Consider the 1d domain: $\Omega=(0,1)$ and the function $f(x) = x$. Then I know that $f \in W^{1,2}(\Omega) = H^{1}(\Omega)$. Because clearly $f \in L^{2}(\Omega)$ and also $f$ is weakly differentiable with $f^{\prime} \in L^{2}(\Omega)$. (I´m using the definition of $H^{1}(\Omega)$ as being the subset of functions $f$ in $L^2(\Omega)$ such that $f$ and its weak derivatives up to order 1 have a finite $L^{2}$ norm. )
Now I want to extend $f$ to $\mathbb{R}$ in the following way:
$$\tilde{f}(x) = \begin{cases} \displaystyle f(x)~~\text{if}~~ x\in \Omega \\ 0~~\text{elsewhere} \end{cases}$$ I don´t understand why $\tilde{f}$ is not in $H^{1}(\mathbb{R})$. Can someone explain this to me please?
The weak derivative of $\tilde f$ is $$\langle \tilde f' , \varphi \rangle= -\langle \tilde f , \varphi' \rangle = - \int_0^1 x\varphi'(x) dx$$
w<here the first equaltiy comes from the definition and the second one from the fact that $\tilde f$ is locally integrable.

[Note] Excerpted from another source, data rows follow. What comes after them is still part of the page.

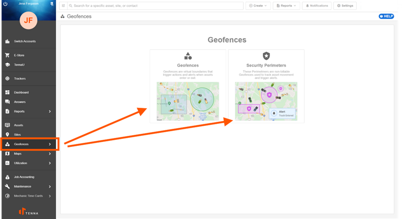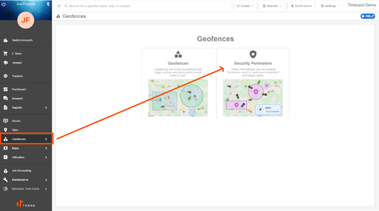 Geofences and Security Perimeters can be viewed in a few key areas in Tenna: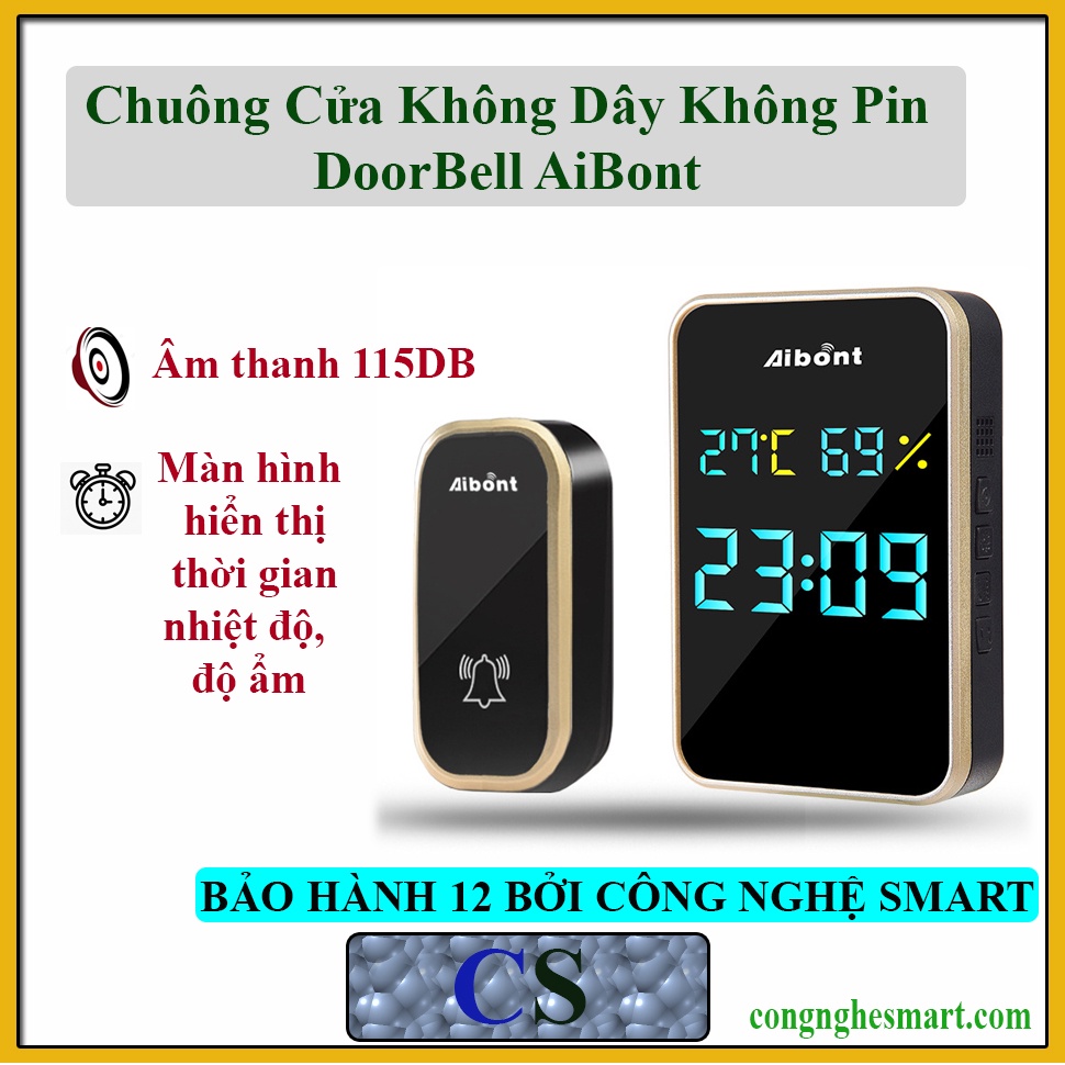 Chuông Cửa Không Dây Kh ông Pin Aibont T295 DoorBell Hiển Thị Thời Gian và Nhiệt Độ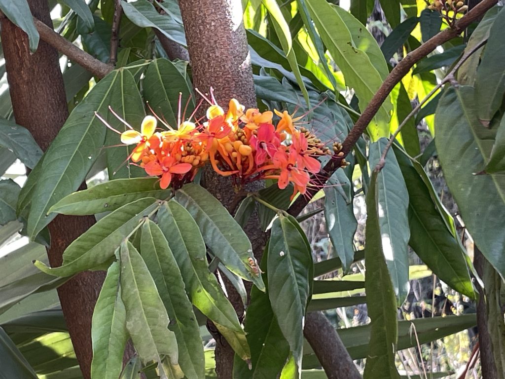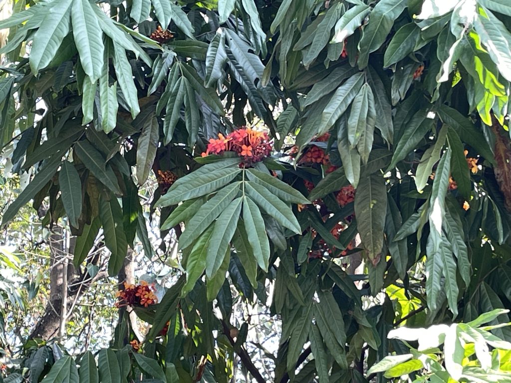Saraca asoca (Roxb.) Willd. (Ashoka tree) is a sacred, evergreen tree belonging to the family Fabaceae that is native to the Indian subcontinent and Southeast Asia. It is prized for its vibrant orange-yellow flowers in large bunches and beautiful foliage with new flush appearing reddish. The tree bears flat woody dehiscent pod. Ashoka trees are often planted in gardens and temples due to their aesthetic appeal and spiritual significance. It is also valued in Ayurveda for its medicinal properties, particularly in women health care. Due to its high demand, over exploitation takes place and pushes the tree to threatened category. As per the IUCN Redlist of threatened plants in India, the tree is enlisted as Vulnerable (VU) in Kerala. Green Ahalia is engaged in conservation of the species by planting more saplings in the campus. We have dedicated plots for Ashoka in the conservatory and also maintains a good stock of nursery seedlings.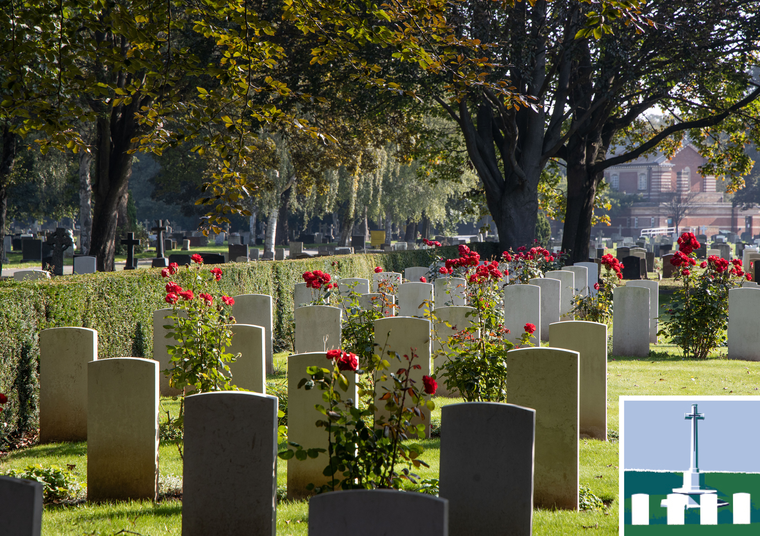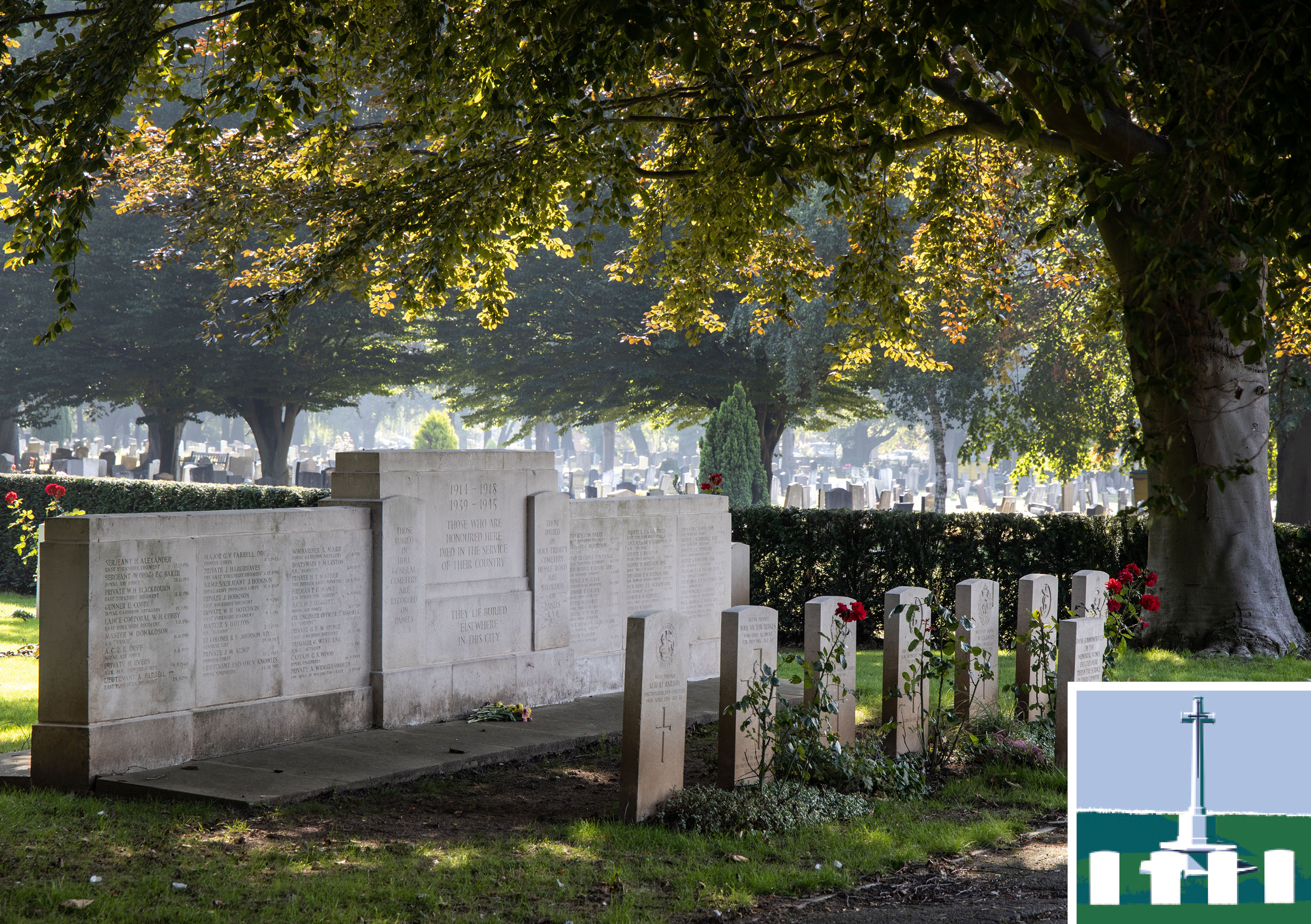 The war plot in the cemetery contains some 55 graves from the Second World War, but the majority are scattered throughout the cemetery. Our screen wall records the names of 56 service people who were cremated at the crematorium next to the cemetery, along with the names of servicemen buried in other cemeteries in the area whose graves cannot be individually marked or maintained. The vast majority of those we commemorate here were members of United Kingdom forces, but there are two of Canadian units, 12 German and one Italian serviceman.

Then we have
$$\langle \tilde f' , \varphi \rangle= -[x\varphi(x)]_0^1 +\int_0^1 \varphi(x) dx=-\delta_1(\varphi)+\int_0^1 \varphi(x) dx$$
with $\delta_a$ the Dirac distribution at $a$, which does not belong to $L^2$.
Further explanation : when you were working in $(0,1)$, the test functions $\varphi$ had to vanish before reaching $1$, with the extension, it is no longer the case and the discontinuity of $\tilde f$ introduces the Dirac when taking the weak derivative.